1. We may also refuse access where the personal information relates to existing or anticipated legal proceedings, and the information would not be accessible by the process of discovery in those proceedings.
2. If we refuse to give you access, we will provide you with reasons for our refusal.

1. You will not be charged for making a request to access your personal information but you may be charged for the reasonable time and expense incurred in compiling information in response to your request.

1. We will take reasonable steps to ensure that the personal information we collect, use or disclose is accurate, complete and up-to-date. You can help us to do this by letting us know if you notice errors or discrepancies in information we hold about you and letting us know if your personal details change.

1. However, if you consider any personal information we hold about you is inaccurate, out-of-date, incomplete, irrelevant or misleading you are entitled to request correction of the information. After receiving a request from you, we will take reasonable steps to correct your information.

1. We may decline your request to access or correct your personal information in certain circumstances in accordance with the Australian Privacy Principles. If we do refuse your request, we will provide you with a reason for our decision and, in the case of a request for correction, we will include a statement with your personal information about the requested correction.

• What should you do if you have a complaint about the handling of your personal information?

1. You may contact Cymax Pty Ltd at any time if you have any questions or concerns about this Privacy Policy or about the way in which your personal information has been handled.

1. You may make a complaint about privacy to the privacy officer at the contact details set out below.

1. The privacy officer will first consider your complaint to determine whether there are simple or immediate steps which can be taken to resolve the complaint. We will generally respond to your complaint within a week.

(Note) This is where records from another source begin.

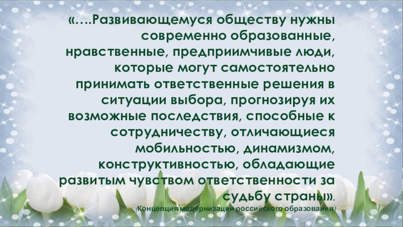 Слайд 2«….Развивающемуся обществу нужны современно образованные, нравственные, предприимчивые люди, которые могут самостоятельно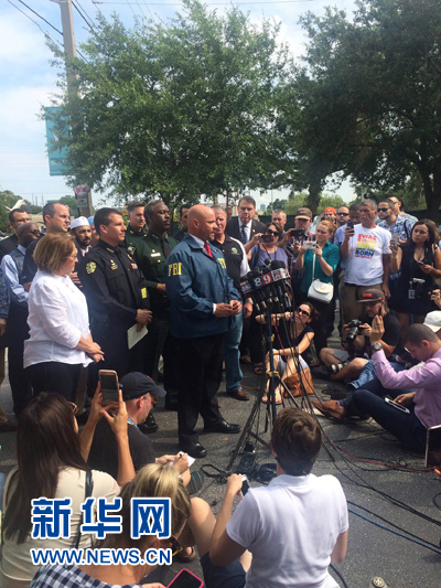 6月12日,在美国佛罗里达州奥兰多市,美国联邦调查局官员就枪击案出席新闻发布会。美国佛罗里达州奥兰多市市长12日宣布,该市当天凌晨发生的夜总会枪击案已致50人死亡、53人受伤。 新华社发(奥兰多警察局供图)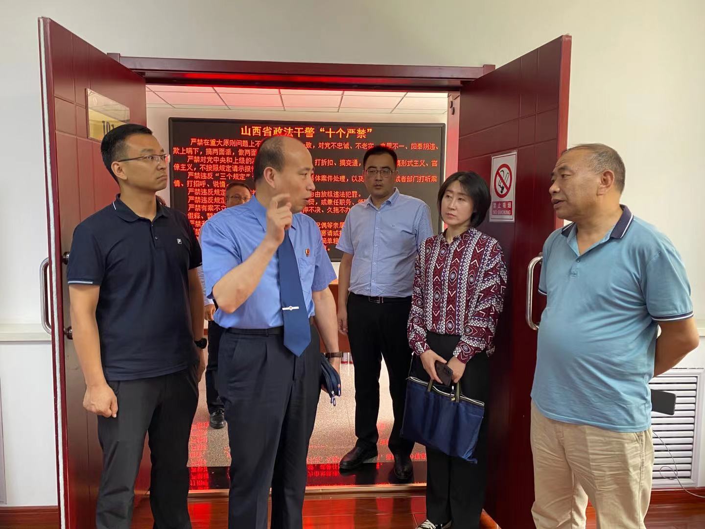 ▲7月12日,由市政法队伍教育整顿第五督导组组长丁书明带队的督导组对我区政法各单位教育整顿“回头看”工作开展情况进行督导。区委常委、政法委书记李振亚,副区长、区公安分局局长武鹰,区人民法院院长史高峰,区人民检察院检察长郜晓军参加并陪同督导检查。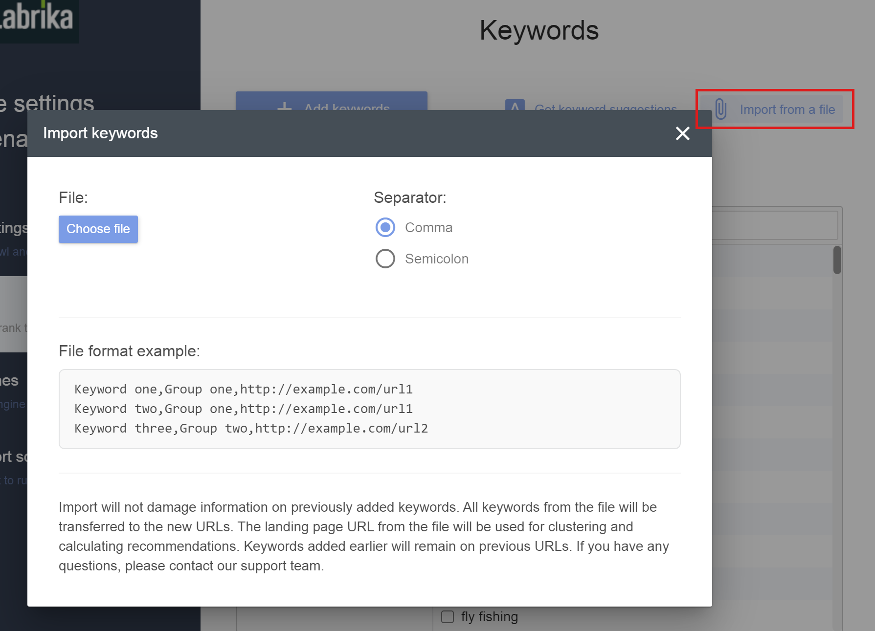 .CSV formatlı bir dosyanızı da yükleyebilirsiniz. Bu durumda üç sütunlu bir CSV dosyası oluşturulmalı ve Labrika otomatik olarak anahtar kelimeleri, istenen anahtar kelime sıralama grubu ve geliştirme sayfası URL'sini alacaktır - bu el ile anahtar kelimeleri eklemekten çok daha hızlı bir süredir.

1. If your complaint requires more detailed consideration or investigation, we will acknowledge receipt of your complaint within a week and endeavour to complete our investigation into your complaint promptly. We may ask you to provide further information about your complaint and the outcome you are seeking. We will then typically gather relevant facts, locate and review relevant documents and speak with individuals involved.

1. In most cases, we will investigate and respond to a complaint within 30 days of

receipt of the complaint. If the matter is more complex or our investigation may take longer, we will let you know.

1. If you are not satisfied with our response to your complaint, or you consider that Cymax Pty Ltd may have breached the Australian Privacy Principles or the Privacy Act, a complaint may be made to the Office of the Australian Information Commissioner. The Office of the Australian Information Commissioner can be contacted by telephone on 1300 363 992 or by using the contact details on the website (www.oaic.gov.au).

• How changes are made to this Privacy Policy?

Cymax Pty Ltd may amend this Privacy Policy from time to time, with or without notice to you. We recommend that you visit our website (cymax.com.au) regularly to keep up to date with any changes.

• How can you contact Cymax Pty Ltd?

The contact details for Cymax Pty Ltd are:

1.  The Privacy Officer

1. 4a, 2404 Logan Road, Garden City Office Park, Eight Mile Plains, Queensland, 4113

1. privacy@cymax.com.au

This Privacy Policy was last updated on 6 December 2023.